The Royal Court, which since Vicky Featherstone‘s arrival has been prodding at a series of issues through its ‘Big Idea’ strand, has now settled on one of modern society’s biggest obsessions: food.
Whether worrying about where it’s from, how it’s cooked or how much of it we’re eating, food and the rituals that surround it consume a disproportionate amount of our mental energy. It’s this anxiety that Gastronauts, described as a theatrical dining experience, attempts to explore.
Details about the show are deliberately scant, with the Royal Court’s website revealing only that diners will be able to “make an informed decision” about what they do and don’t eat throughout the performance. Fussy eaters, one guesses, might be in trouble. The show was born in response to the horsemeat scandal and the renewed interest in food production that followed, so it seems likely that theatregoers will be asked to reconsider the food offered to them and where it might have come from, reconfiguring audiences’ complex relationship with what they eat.
As well as exposing the journey our food makes before reaching our plates, there is another side to eating that theatre might be even better placed to examine. What we eat is under constant scrutiny, but how we eat it is perhaps just as important. Meal times can act as a form of ceremony, bringing people together in a way that few other activities still do. Eating, like theatre, is a kind of ritual, one that is capable of creating and sustaining community. And in many cases it is a ritual that is coming under strain.
This community aspect of the dinner table was the focus of Only Wolves and Lions, a touring show that I took part in during this year’s Edinburgh Fringe. This intimate performance asks each of its audience members to bring along a raw ingredient, which are then used to collectively cook a feast. The choice of what to cook, the cooking itself and the eating of the meal are all collaborative activities, demanding audience members to work together in a way that few theatrical events, however supposedly “interactive”, manage to achieve. As well as feeding me the best meal I had in Edinburgh, the piece powerfully demonstrated the social value of eating together and left me reflecting on the possibilities of such rituals for forging communities.

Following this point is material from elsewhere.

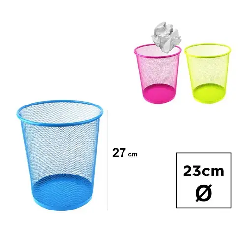 Papelera metálica fabricada en metal de rejilla pequeña. Diseño moderno y elegante que combina bien en cualquier oficina. Medidas: 230 mm de Ø y 270 mm de alto. Colores disponibles: azul, fucsia y verde.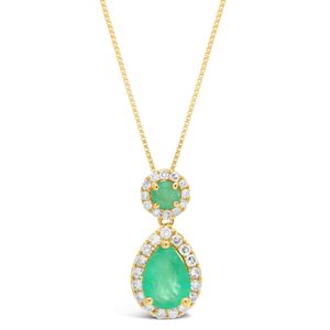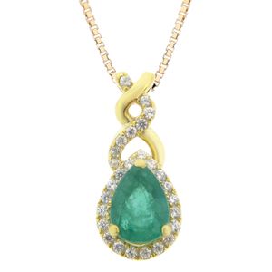 Emerald Pear and Round Pendant with Diamond Accent in Yellow Gold

And it is not just this and Gastronauts that are turning their attention to the act of eating. Bristol Old Vic recently presented The Table of Delights, a mash-up of restaurant and theatre experience that asked its audience to consider every aspect of food, while the Albany has just dedicated a whole festival to the subject. If the forces that control the food industry are increasingly detaching us from the processes of food production and consumption, then theatre seems to be attempting to slowly rebuild that connection.
While newspaper reports and documentaries will rightly continue to investigate what we eat and where it comes from, it strikes me that theatre – by framing a familiar activity in a way that makes us appreciate its performative and community forming qualities – might be particularly well placed to explore how we actually eat it. By framing one kind of ritual within another, perhaps shows like Gastronauts can make us question not only where our food comes from, but what role the communities it creates might play in our society.